Source: The Ghanaian Times

Some workers fear pension so they reduce their ages

Workers have been urged to set their priorities right by ensuring proper planning towards retirement.

Mr. Michael Kofi Bansah, acting Director General of Ghana Prisons Service, gave the advise Thursday at a two-day sensitization workshop for 50 prison officers in Accra on the National Pensions act, 2008, (Act 766) and said every employee would certainly proceed on retirement one day after attaining the mandatory pensionable age of 60.

“This requires strategic planning by employees putting their priorities right,” he stressed, adding “many Ghanaian employees, including Prison officers, least ponder over this reality right from the onset until they are very close to pension.”

In many cases, he said, “pensionable employees are fear stricken and depressed when they are due for retirement with some going to the extent of doctoring the records of their date of birth in order to stay at post a few more years.”

That tendency, he said, stemmed from the fact that “life after pension does not hold any fortune for.” He therefore viewed the workshop as an opportunity to enlighten the officers so that they could take advantage of it and set their priorities right.
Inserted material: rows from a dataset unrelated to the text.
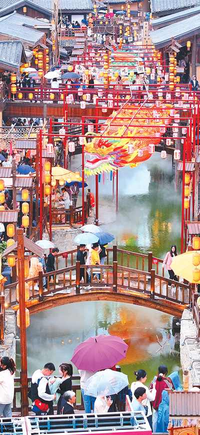 龙门浩老街上,几名外地游客沿着青石台阶漫步至老街最高点——揽月台,远眺渝中半岛。这条位于重庆市南岸区南滨路中段的老街,面朝长江,背依南山,开埠文化、巴渝文化等文化底蕴深厚。近年来,经过保护与修缮,这里不仅恢复了历史风貌,还增添了现代时尚气息。古色古香的街道两旁,新潮的商铺、餐馆和咖啡馆为市民游客休闲购物提供便利和全新体验。“感受时光交错的美妙”,成为这里的一大魅力。数据显示,自发展全域旅游以来,龙门浩老街所在的龙门浩街道已接待游客近4000万人次,实现旅游收入276.8亿元,龙门浩老街还成功创建第二批国家级夜间文旅消费聚集区。
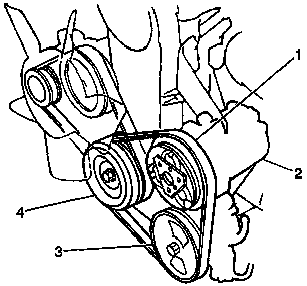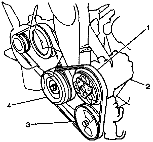 3. Remove the A/C compressor drive belt (1) from the pulleys.
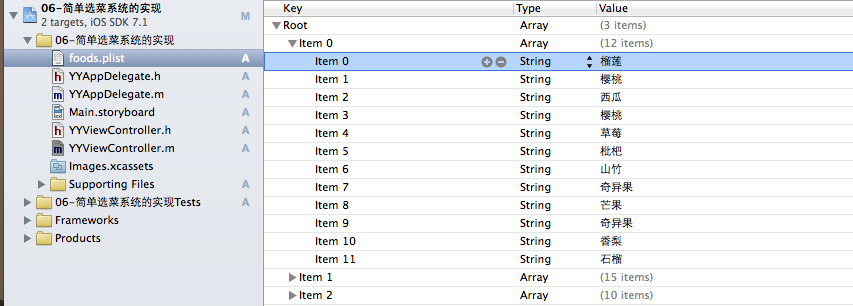 6)缺點,將來數據改變之後,會報錯(模於幾)[self.foods[0] count]?為什麼不用簡寫 點語法?(切記要記住)
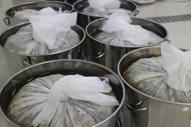 浸泡是煎膏加工的第一步。药材浸泡充分会使药效更好地发挥,同时对加工用水、卫生环境等都有严格的要求。目前按规定可以用自来水,而该中心使用的是纯净水。
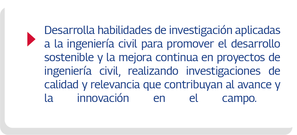 Desarrolla habilidades de investigación aplicadas a la ingeniería civil para promover el desarrollo sostenible y la mejora continua en proyectos de ingeniería civil, realizando investigaciones de calidad y relevancia que contribuyan al avance y la innovación en el campo.
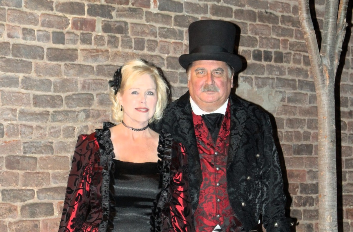 A man and woman in Victorian-style costumes stand in front of a brick wall, with the man wearing a top hat and the woman wearing a black dress with red accents.

Mr. Bansah said successive regimes and governments had made fruitless efforts at finding better and more efficient pension schemes to avert the degrading fate that the new pension scheme was to salvage and demystify problems hitherto created by old pension schemes so as to give hope and dignified life prospects to employees during retirement.

The Interior Ministers, Cletus Avoka, in a speech read on his behalf, said issues of workers’ pay and other emoluments had always been a sore point between government and employees, especially in countries where government was the biggest employer.

The Pension Act, he said, was to improve savings towards sustainable income during retirement. Mr. Avoka said the introduction of a three-tier pension scheme consisting of both mandatory and voluntary schemes was an attempt to reform both the Cap 30 as well as the SSNIT Pension Scheme.

Mr David Adom, Chief Executive of AA&G Services Limited, a consulting firm that is sensitizing the participants on the scheme, said the programme would help the officers to properly manage their lives when the scheme became operational.